The strongest known evidence has been gathered for a stratosphere on an exoplanet about 900 light years from the Earth, known as WASP-121b. The planet is categorised as a "Hot-Jupiter" exoplanet, and is about 1.2 times the mass of Jupiter.
Jupiter takes 12 years to orbit the Sun, but WASP-121b takes only 1.3 Earth days to revolve around its host star, and is really close to the star. If it were to get any closer, the gravity of the host star would start pulling the planet apart.
The upper atmosphere on the exoplanet is about 2,500 degrees Celsius, hot enough to boil some metals. While previous research indicated the possibility of Hot-Jupiter exoplanets having a stratosphere, the new finding is the best evidence yet as researchers observed a signature of water molecules for the first time. The signature indicated that the water molecules in the upper atmosphere were glowing,
The findings are in line with theoretical models that suggested a class of ultra-hot planets defined by their stratospheres. On the Earth, the Ozone layer traps some of the radiation from the sun, rising the temperatures in the stratosphere.

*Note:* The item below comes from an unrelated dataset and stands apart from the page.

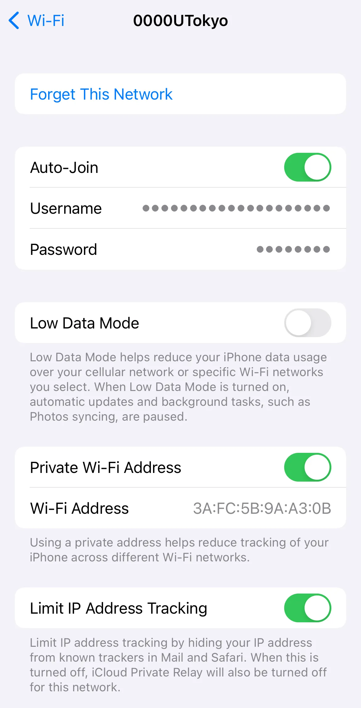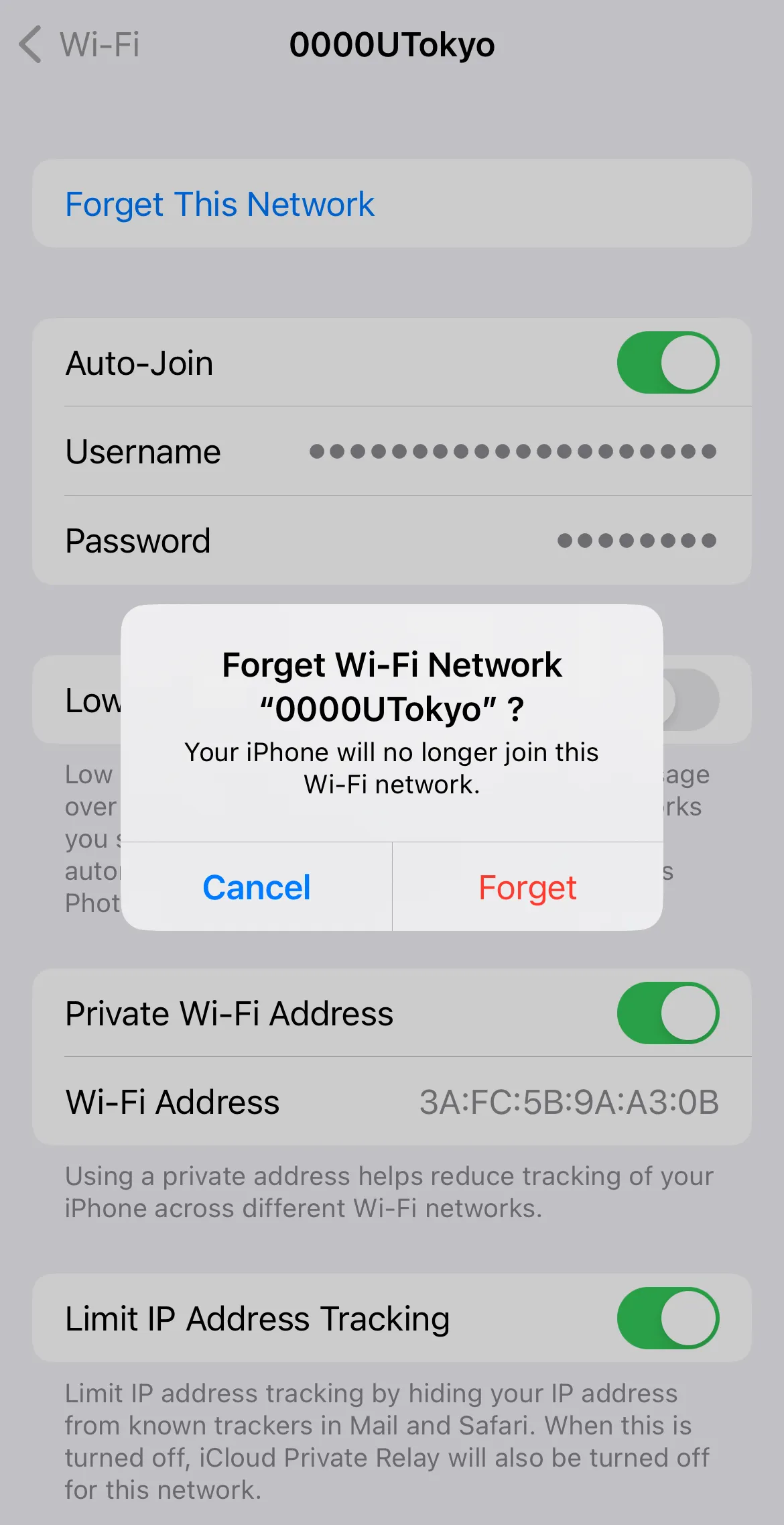 Tap the SSID found in Step 2, select “Forget this Network”. When the screen saying “Forget Wi-Fi network “0000UTokyo”?” comes up, select “Forget”.

The stratosphere of Titan, a moon of Jupiter, is heated up by the methane in its atmosphere. On WASP-121b, the temperatures are increasing with the altitude, and follow up observations by Hubble will allow scientists to figure out on which latitudes the behavior is occurring.
WASP-121b is also a prime candidate for observations by the yet to be launched James Webb Space Telescope, the successor to the Hubble Space Telescope, which will be one of the most advanced astronomical instruments deployed.
Hannah Wakeford, co-author of the study says, "This super-hot exoplanet is going to be a benchmark for our atmospheric models, and it will be a great observational target moving into the Webb era." The finding has been reported in Nature.